Supplied information –
◆ ◆ ◆ ◆

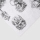 Whimsical characters from the children's book Alice in Wonderland, Alice, the White Rabbit, Mad Hatter, Caterpillar and Cheshire Cat, appear in black and white on this British literature themed tissue paper for gift wrapping or decoupage and arts and crafts.
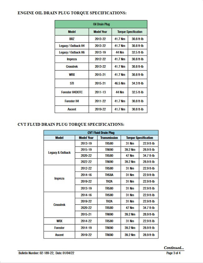 Вот про пробки https://static.oemdtc.com/TSB/MC-10207172-0001.pdf Согласно SERVICE BULLETIN номера актуальны для 2011-22MY Forester/
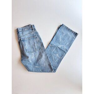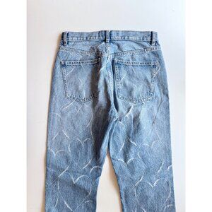 ZARA Medium Wash Heart Distressed High Rise Straight Leg Jeans, Size 6/28
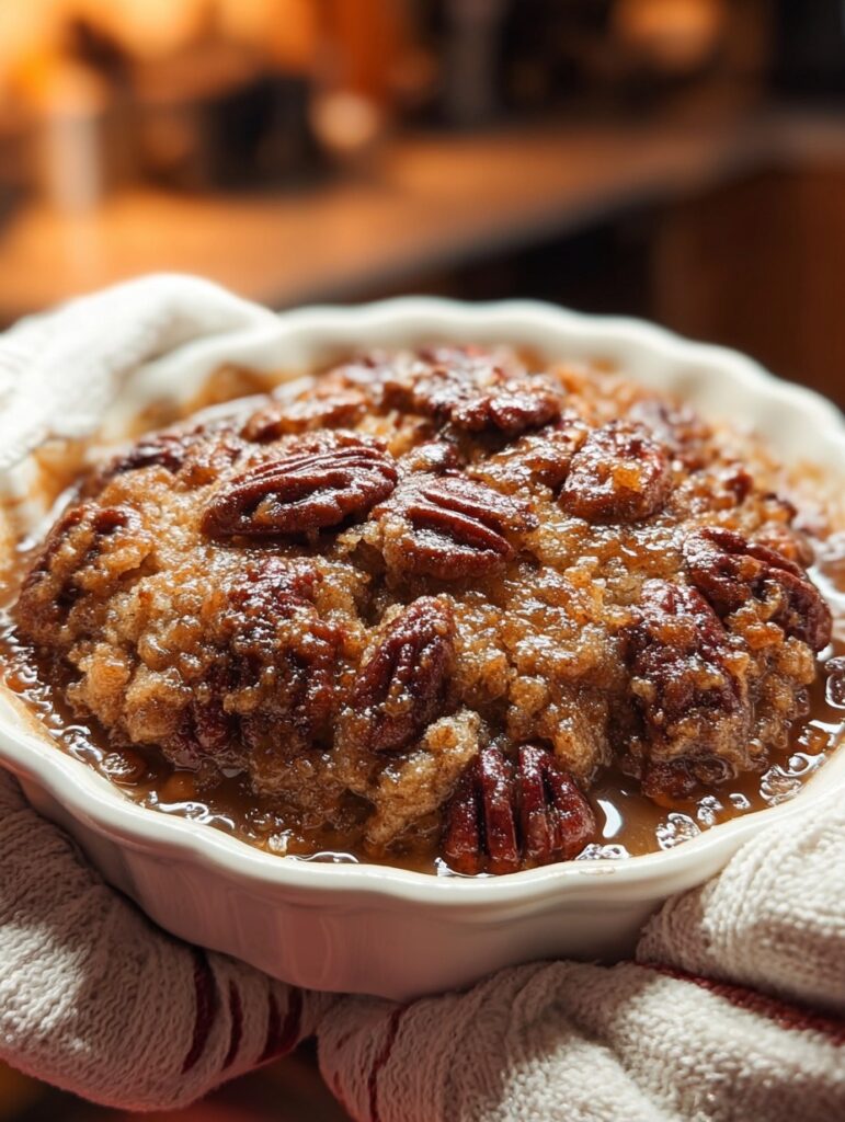 The water sinks, the batter rises, and you end up with three dreamy layers: a fluffy top, a gooey caramel middle, and a soft, buttery cake base. It’s pecan pie flavor meets cobbler comfort in the most satisfying way.

◆ ◆ ◆ ◆

Your objective – Leaving the pictures out, copy exactly the lines from the line that contains "Вот про пробки" to the last line of the data, both ends included.

Task output –
 Вот про пробки https://static.oemdtc.com/TSB/MC-10207172-0001.pdf Согласно SERVICE BULLETIN номера актуальны для 2011-22MY Forester/
 ZARA Medium Wash Heart Distressed High Rise Straight Leg Jeans, Size 6/28
 The water sinks, the batter rises, and you end up with three dreamy layers: a fluffy top, a gooey caramel middle, and a soft, buttery cake base. It’s pecan pie flavor meets cobbler comfort in the most satisfying way.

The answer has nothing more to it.